Когда она умерла, он подготовил к публикации воспоминания о ней и фрагменты ее блокадных писем. Входил в комиссию по ее литературному наследству. Пережил ее на одиннадцать лет и умер в 1986 году.
"О, не твои ли трубы рыдали!"
"Около 6 часов утра плавным потоком, без шума, колонны грузовиков начали занимать центр города, – писал корреспондент "Нью-Йорк Таймс" о дне похорон Сталина. – Они тихо шли вниз по улице Горького, они бесшумно спускались с холма Лубянки. В каждом из этих грузовиков молча сидели на скамьях 22 солдата специальных батальонов МВД. К 9 часам утра тысячи солдат были сосредоточены в центре города, опоясанном линиями грузовиков… Не только тысячи солдат МВД были расставлены вдоль и поперек всех этих улиц, но и десятки тысяч грузовиков были пригнаны в Москву, поставлены сплошными линиями вплотную, образуя непроницаемые баррикады. Во всех ключевых пунктах эти баррикады из грузовиков с войсками были укреплены танками, стоявшими в три ряда. В этом железном ошейнике Москва оставалась с 10 или 11 часов утра 6 марта до 4 часов дня 9 марта".
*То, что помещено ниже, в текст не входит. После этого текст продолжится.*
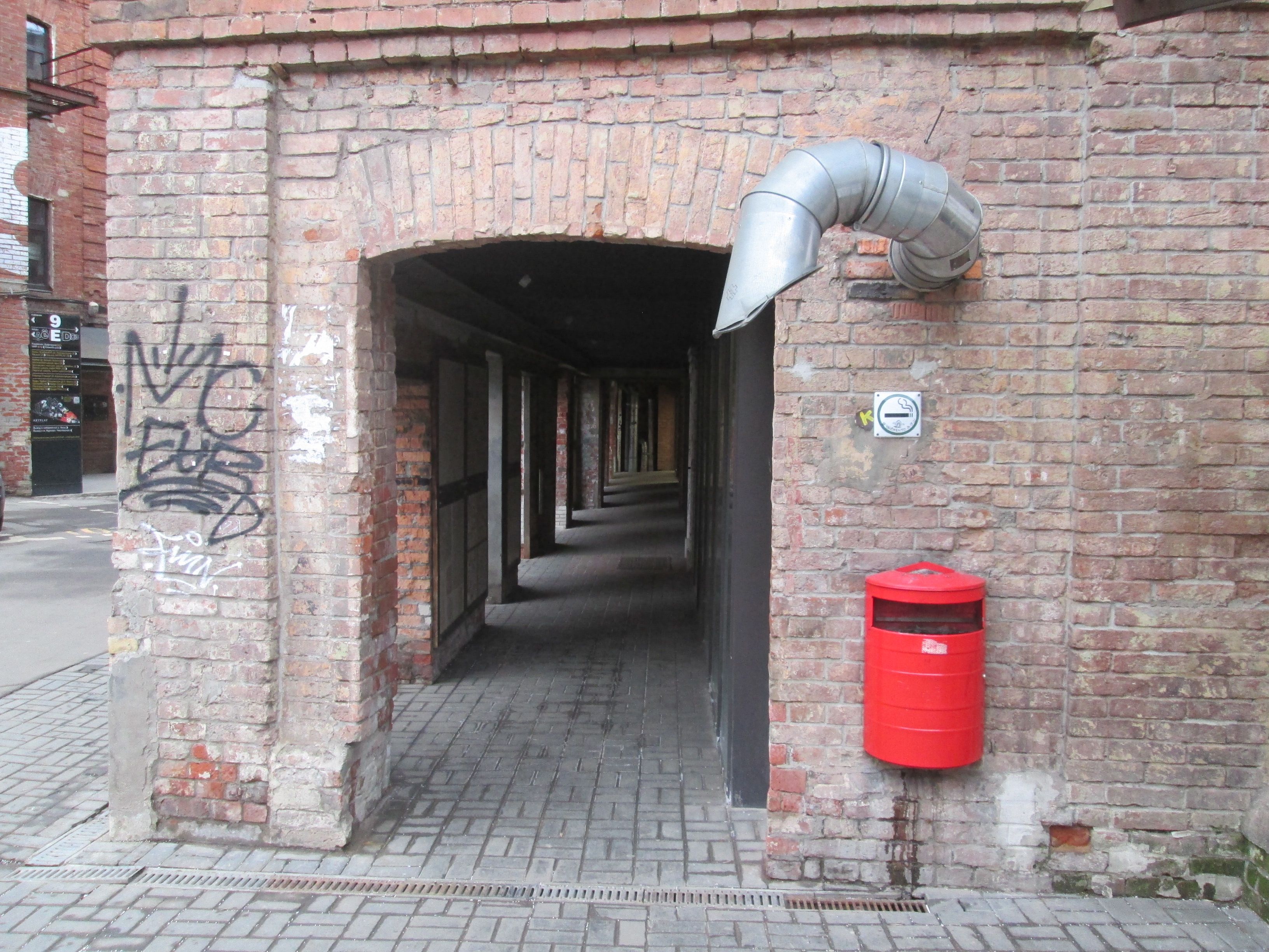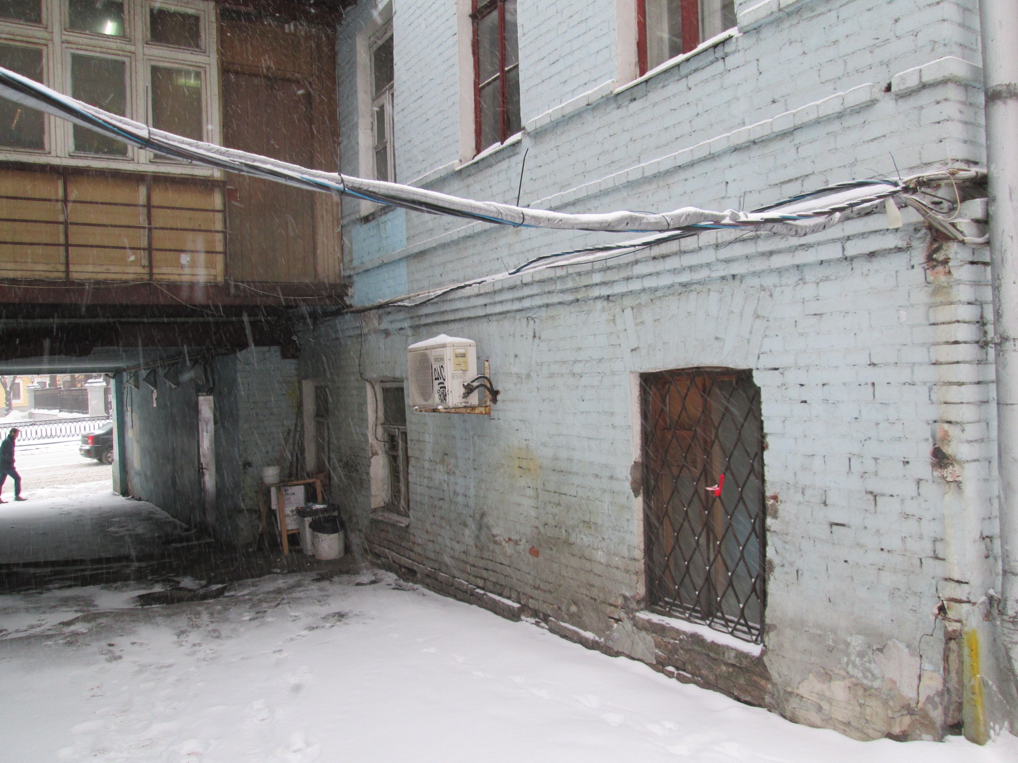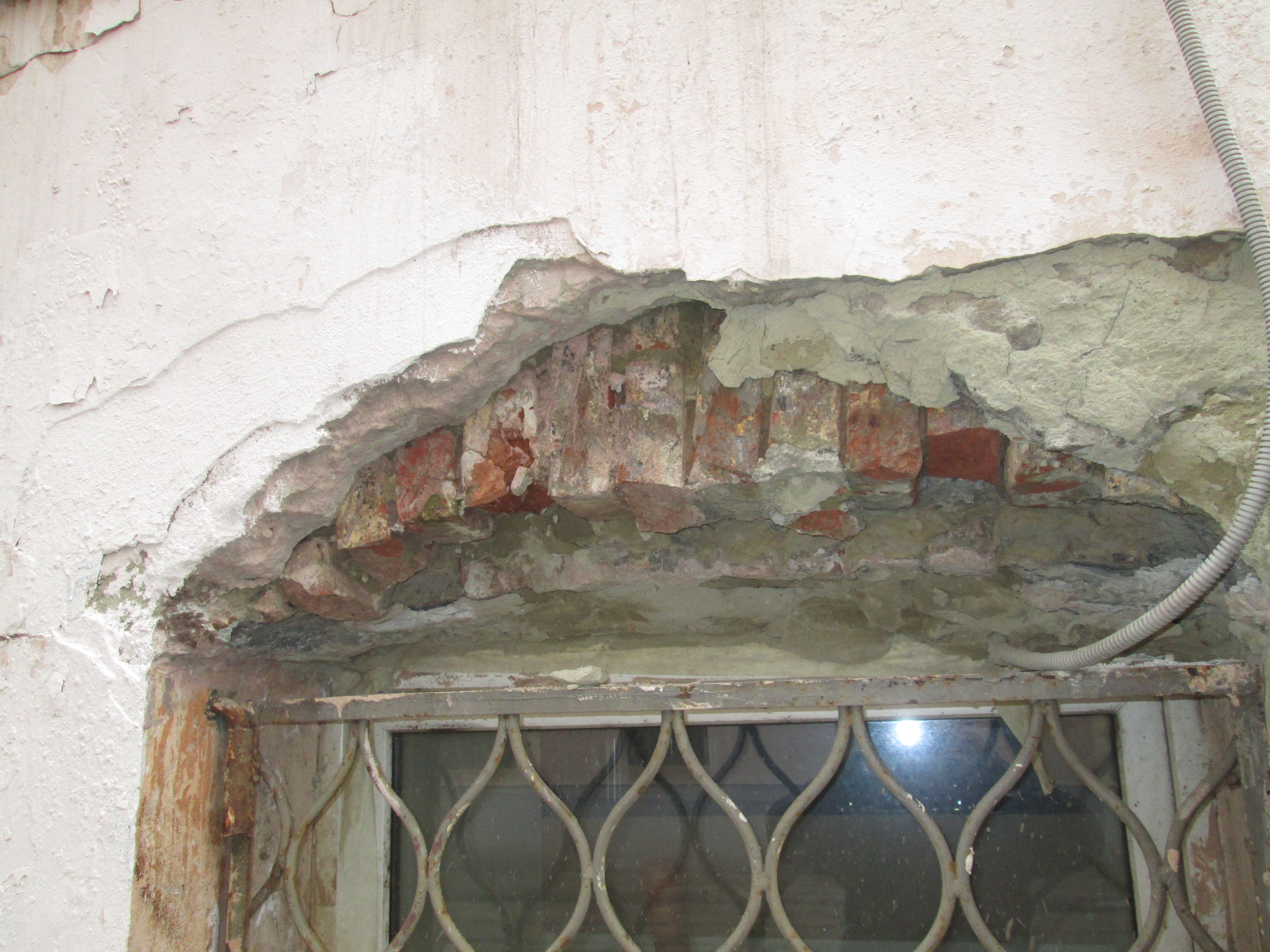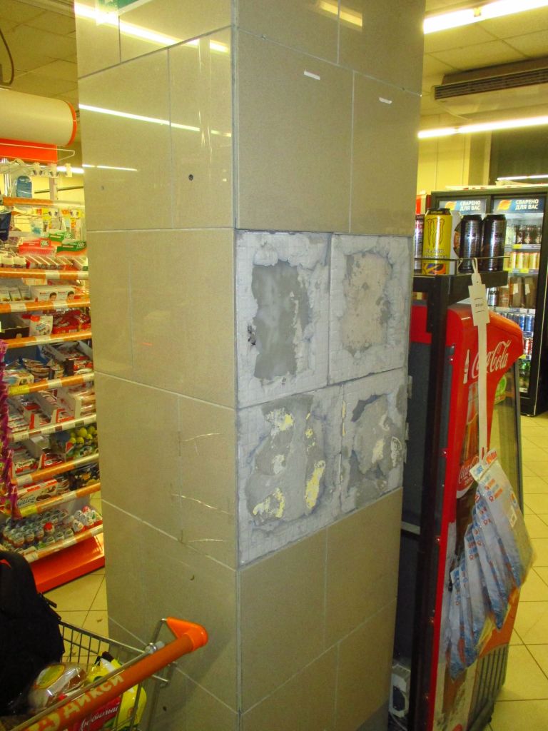 А вот как устроены колонны старых зданий изнутри. Внутри оказался кирпич, а вовсе не монолитный железобетон. Это задняя часть ДК Сталина на ул. Сталина, которая сейчас входит в состав Измайловской площади.
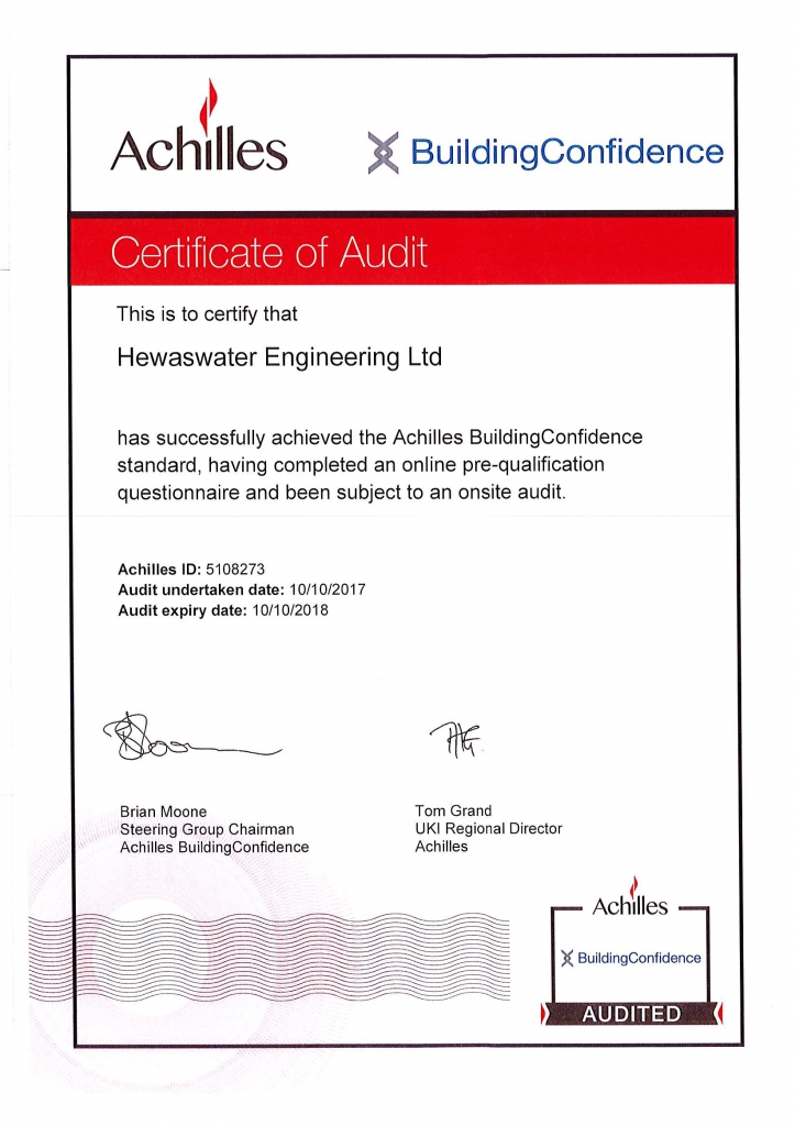 We are pleased to announce that we have been approved by Achilles having attained the required Building Confidence standard. This standard is used by many leading construction companies as part of their supply chain qualification process. These companies include Balfour Beatty, Skanska, Kier to name just a few.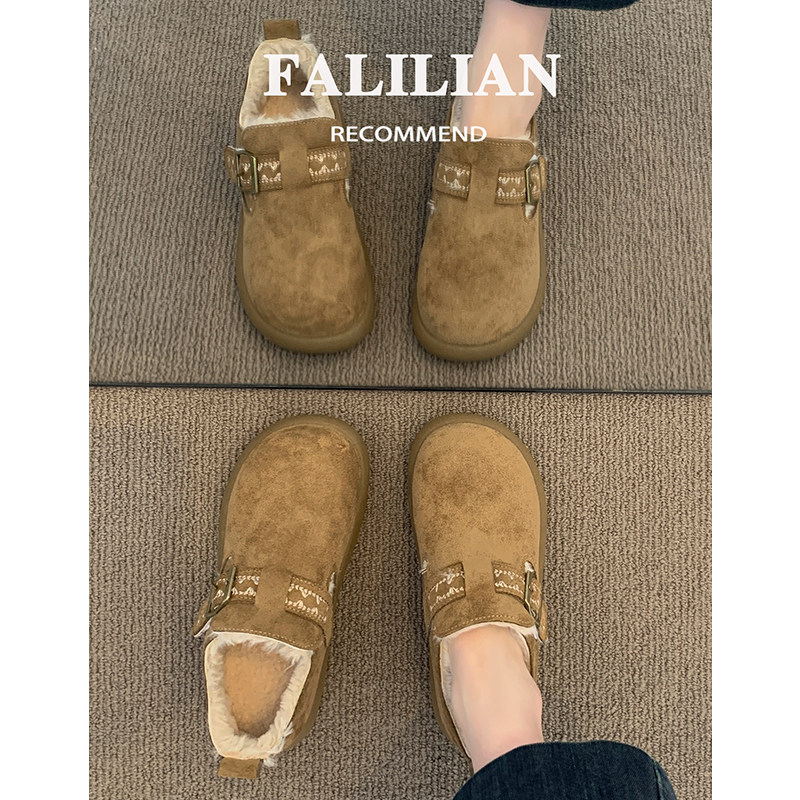加绒勃肯鞋女鞋子2025新款冬季一脚蹬保暖棉鞋休闲百搭爆款雪地靴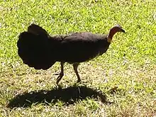 The red-necked crake (Rallina tricolor), previously thought to only occur as far south as Townsville, was first observed in the park in 1981.[18] The buff-breasted paradise kingfisher (Tanysiptera sylvia) and the white-browed robin (Poecilodryas superciliosa) are at the southern extent of their distribution at Eungella.[3] The regent bowerbird (Sericulus chrysocephalus) occurs at its northern limit in the park and surrounding area,[19][20][21] as do the brown thornbill (Acanthiza pusilla)[19][22] and the glossy black cockatoo (Calyptorhynchus lathami).[23] Australian swiftlets (Aerodramus terraereginae) breed in caves in the Finch Hatton Creek area,[20][24] and one of the few Australian records of glossy swiftlet (Collocalia esculenta) was in the park.[25]

Но люди железный ошейник, в котором оказался город, не ощущали. Они чувствовали только горе, тревогу и растерянность. Десятилетиями советская власть убеждала народ, что равновесие мира держится усилиями одного человека – Сталина. И вот его не стало.
В этой скорби Ольга Берггольц была едина со всеми.
Писательский траурный митинг проходил в Доме киноактера. Говорились страстные речи об умершем вожде и долге писателя – прославлять бессмертное имя Сталина, с удвоенной силой бить врага. Подобный призыв прозвучал и в выступлении Константина Симонова, который именно в этом видел задачу советских художников. Его несложные тезисы повторяли друг за другом Грибачев, Софронов, Фадеев…
И вот на сцене появилась Ольга Берггольц. "Выходит – вся зареванная, осиротевшая, буквально раздавленная горем, а оттого некрасивая, – вспоминает критик Борис Рунин, который еще год назад слушал у нее дома смелые стихи и восхищался ею. – Тщетно пытается она произнести речь во славу почившего в бозе вождя. Да, он для нее еще вождь и учитель, и вдохновитель ее поэзии – об этом свидетельствуют привычные, но разрозненные слова, которые ей поначалу удается бросить в зал. Но слезы душат ее, и она умолкает. И от этой беспомощности, от безмерности постигшего ее горя, от внезапно настигшего ее немотства Ольга начинает рвать на себе платье…"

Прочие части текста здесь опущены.